Burden and standard of proof
[16] The burden is on Inivos and Mr. Fentiman to prove each element beyond a reasonable doubt. A reasonable doubt is not an imaginary or frivolous doubt. It is not based on sympathy for or prejudice against anyone involved in the proceedings. Rather, it is based on reason and common sense. It is a doubt that arises logically from the evidence or from an absence of evidence.

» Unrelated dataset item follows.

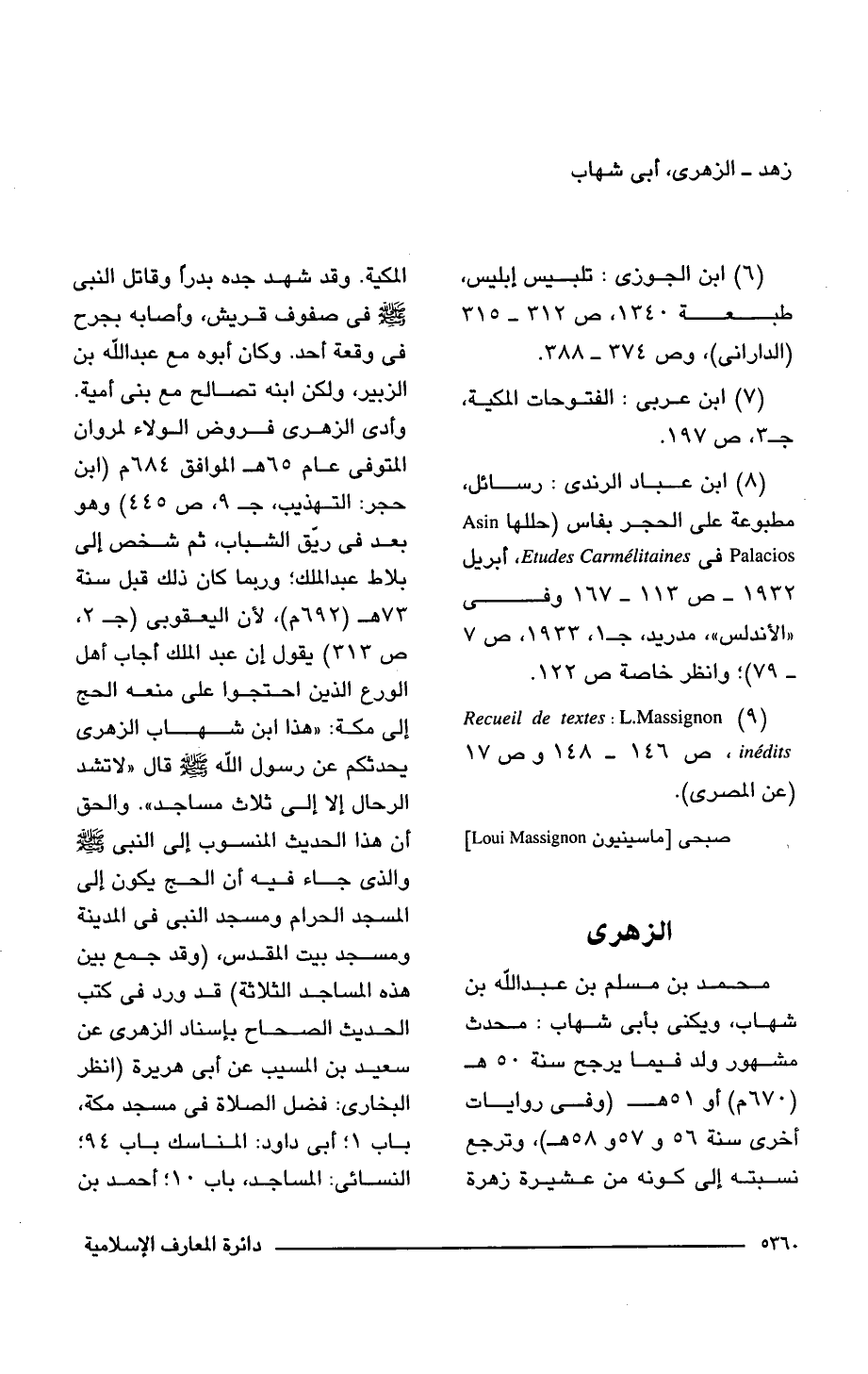 محمد بن مسلم بن عبد اللَّه بن شهاب، ويكنى يأبى شهاب: محدث مشهور ولد فيما يرجح سنة 50 هـ (670 م) أو 51 هـ (وفى روايات أخرى سنة 56 و 57 و 58 هـ)، وترجع نسبته إلى كونه من عشيرة زهرة المكية. وقد شهد جده بدرًا وقاتل النبى -صلى اللَّه عليه وسلم- فى صفوف قريش، وأصابه بجرح فى وقعة أحد. وكان أبوه مع عبد اللَّه بن الزبير، ولكن ابنه تصالح مع بنى أمية. وأدى الزهرى فروض الولاء لمروان المتوفى عام 65 هـ الموافق 684 م (ابن حجر: التهذيب، جـ 9، ص 445) وهو بعد فى ريّق الشباب، ثم شخص إلى بلاط عبد الملك؛ وربما كان ذلك قبل سنة 73 هـ (692 م)، لأن اليعقوبى (جـ 2، ص 313) يقول إن عبد الملك أجاب أهل الورع الذين احتجوا على منعه الحج إلى مكة: "هذا ابن شهاب الزهرى يحدثكم عن رسول اللَّه -صلى اللَّه عليه وسلم- قال "لا تشد الرحال إلا إلى ثلاث مساجد". والحق أن هذا الحديث المنسوب إلى النبى -صلى اللَّه عليه وسلم- والذى جاء فيه أن الحج يكون إلى المسجد الحرام ومسجد النبى فى المدينة ومسجد بيت المقدس، (وقد جمع بين هذه المساجد الثلاثة) قد ورد فى كتب الحديث الصحاح بإسناد الزهرى عن سعيد بن المسيب عن أبى هريرة (انظر البخارى: فضل الصلاة فى مسجد مكة، باب 1؛ أبى داود: المناسك باب 94؛ النسائى: المساجد، باب 10؛ أحمد بن

[17] It is virtually impossible to prove anything to an absolute certainty, and Inivos and Mr. Fentiman are not required to do so. Such a standard would be impossibly high. However, the standard of proof beyond a reasonable doubt falls much closer to absolute certainty than to probable guilt. I may not find Mr. Marsh in contempt unless I am sure that he committed contempt. Even if I believe that Mr. Marsh is probably guilty of contempt or likely guilty of contempt, that is not sufficient. In those circumstances, I must give the benefit of the doubt to Mr. Marsh and find that he did not commit contempt because Inivos and Mr. Fentiman have failed to satisfy me of Mr. Marsh’s guilt beyond a reasonable doubt.
[18] Proof of civil contempt may be based on direct evidence, circumstantial evidence, or a combination of both kinds of evidence. However, where a party asks the court to make a finding of civil contempt based on inferences from circumstantial evidence, the inference on an essential element of the offence may only be drawn where it is the only reasonable inference to be drawn from the evidence as a whole. [11] Justice Cavanagh explained how this doctrine works in the context of a civil contempt proceeding:
In Villaroman, the Supreme Court of Canada addressed the relationship between circumstantial evidence and proof beyond a reasonable doubt and, at para. 26, explained the special concern inherent in the inferential reasoning from circumstantial evidence “that the jury may unconsciously ‘fill in the blanks’ or bridge gaps in the evidence to support the inference that the Crown invites it to draw”. The Court, at para. 37, held that when assessing circumstantial evidence, the trier of fact should consider other plausible theories and other reasonable possibilities which are inconsistent with guilt. These must be based on logic and experience applied to the evidence or the absence of evidence, not on speculation. The Court held, at paras. 40-41, that where a conviction is based on circumstantial evidence, the evidence should be such that it excludes any other reasonable alternative, and that this is “a helpful way of describing the line between plausible theories and speculation”.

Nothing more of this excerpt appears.